As shown in fig. 6, all triples in the knowledge graph after being spliced with the text data are used as input, and simultaneously, the triples are sent into the model to construct the dependency relationship between knowledge. Where the text data is the global memory of the model. The learning mode can adopt an unsupervised mask prediction strategy to randomly predict the entity and the relation in the knowledge, so that the model can model the information interaction process between the entities and the entity relation, and realize the combined modeling of the learning of the entity and the entity relation.

S502, removing the triples which do not pass the verification in at least one triple from the target knowledge graph.

In some embodiments, the triples may be culled by presetting a check probability condition.

Exemplarily, if the existence probability of the triples does not meet the preset check probability condition, it is determined that the triples do not pass the check, and then the triples which do not pass the check are removed from the target knowledge graph.

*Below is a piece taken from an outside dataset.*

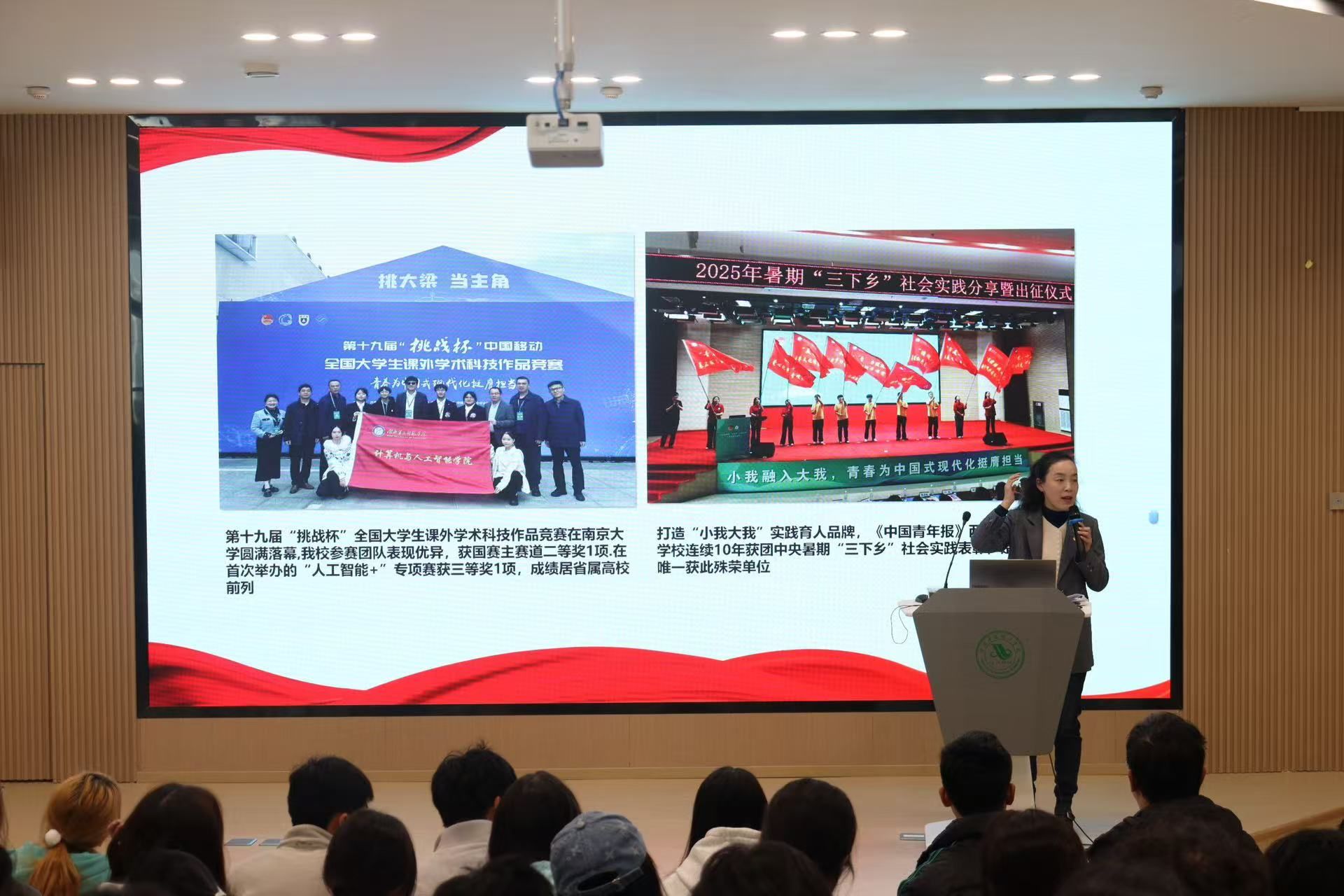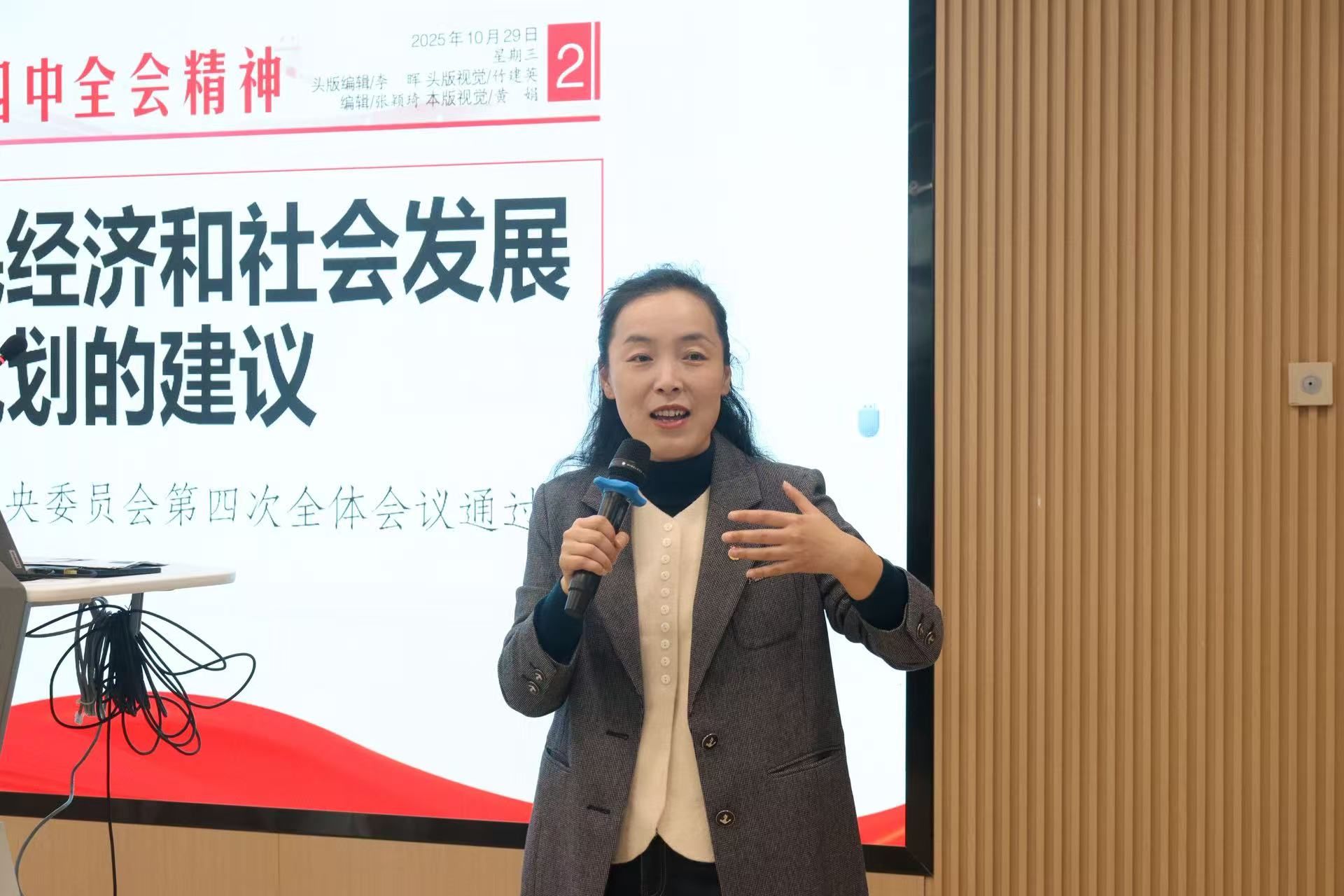 在谈到聚焦全面推进高质量现代化的时代命题时,张静老师着重强调,新发展理念是引领发展的“指挥棒”,创新、协调、绿色、开放、共享的要求需贯穿青年成长与实践全过程。她结合二十届四中全会提出的“推动经济实现质的有效提升和量的合理增长”重要论述,勉励青年学子有同样理念,在专业学习中锤炼创新本领,在社会实践中践行协调发展理念。
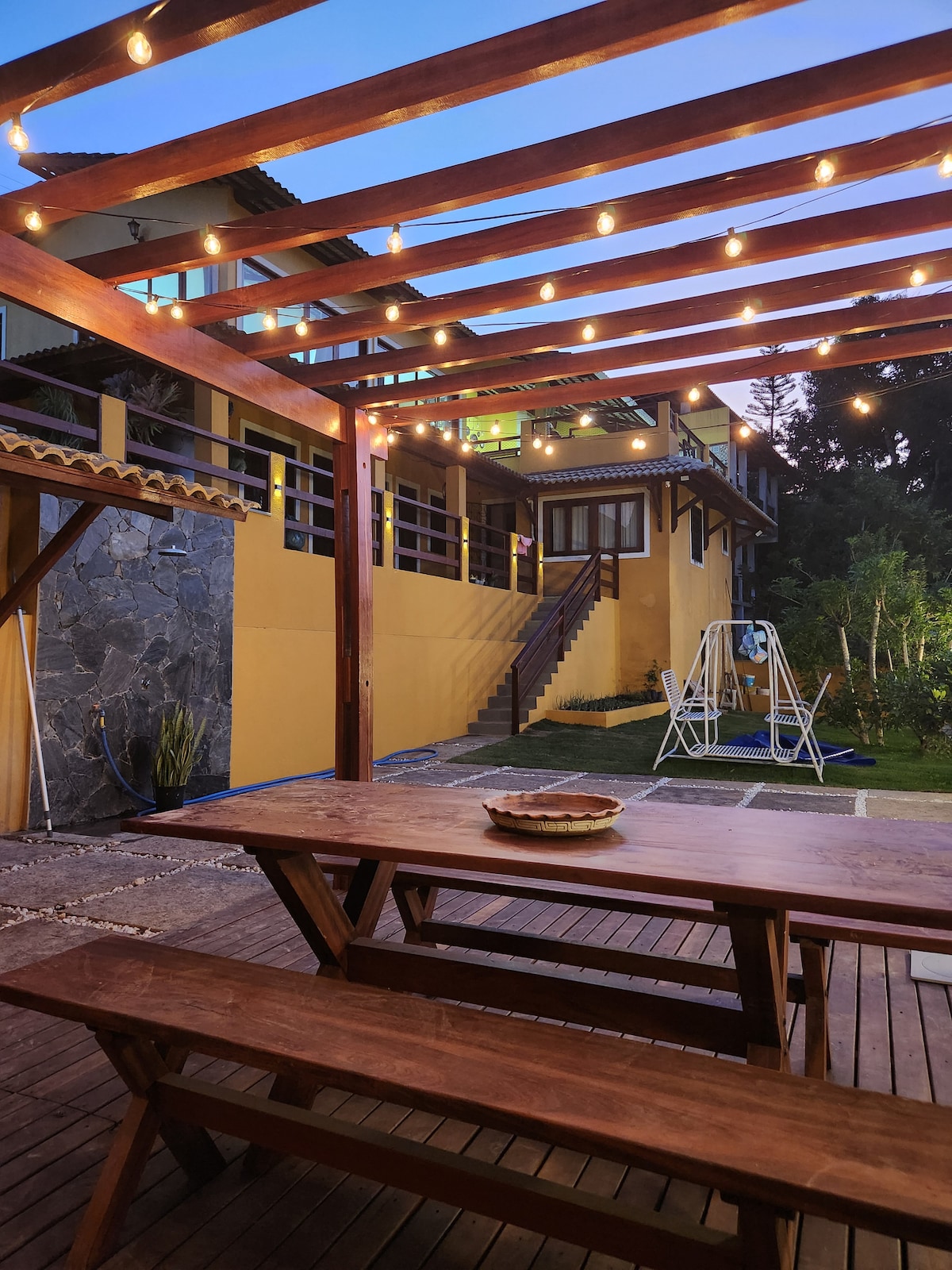 與家人一起在涼爽的山間空氣中恢復活力。 小屋位於Pacoti和Guaramiranga之間。靠近一切,位於Pernambuquinho區。2間臥室、3張床、額外的床墊和床架、大客廳、電視和Wi-Fi。 底樓有溫水淋浴間,廚房配備所有必要物品。 休閒區域,設有迷你泳池、甲板、燒烤。我們還有軟飲和冷啤酒。外部攝影機。 請參閱下方的其他選項連結。 airbnb.com/h/2em1

Illustratively, the predetermined verification probability condition may be a threshold, for example, triples with existence probabilities smaller than the threshold are removed from the target knowledge-graph. Or may be a probability range, for example, triples whose existence probabilities do not fall within the probability range are removed from the target knowledge-graph. The embodiments of the present disclosure do not limit this.

It is noted that in the embodiment of the present disclosure, the text data and the triples used in the training process of the mask prediction model do not need to be labeled additionally.

Fig. 7 is a schematic structural diagram of a knowledge graph constructing apparatus in an embodiment of the present disclosure, and as shown in fig. 7, the knowledge graph constructing apparatus 700 includes: an analysis module 701, an extraction module 702 and a construction module 703.

Specifically, the parsing module 701 is configured to parse text data to generate an abstract semantic representation of the text data. The extracting module 702 is configured to extract a first entity and a first entity relationship in the text data according to the abstract semantic representation, where the first entity and the first entity relationship have a corresponding relationship. The construction module 703 is configured to construct a target knowledge graph according to the relationship between the first entity and the first entity.

In some embodiments, the building module 703 is further configured to perform entity disambiguation on the first entity to obtain a second entity; and constructing a target knowledge graph according to the relation between the second entity and the first entity.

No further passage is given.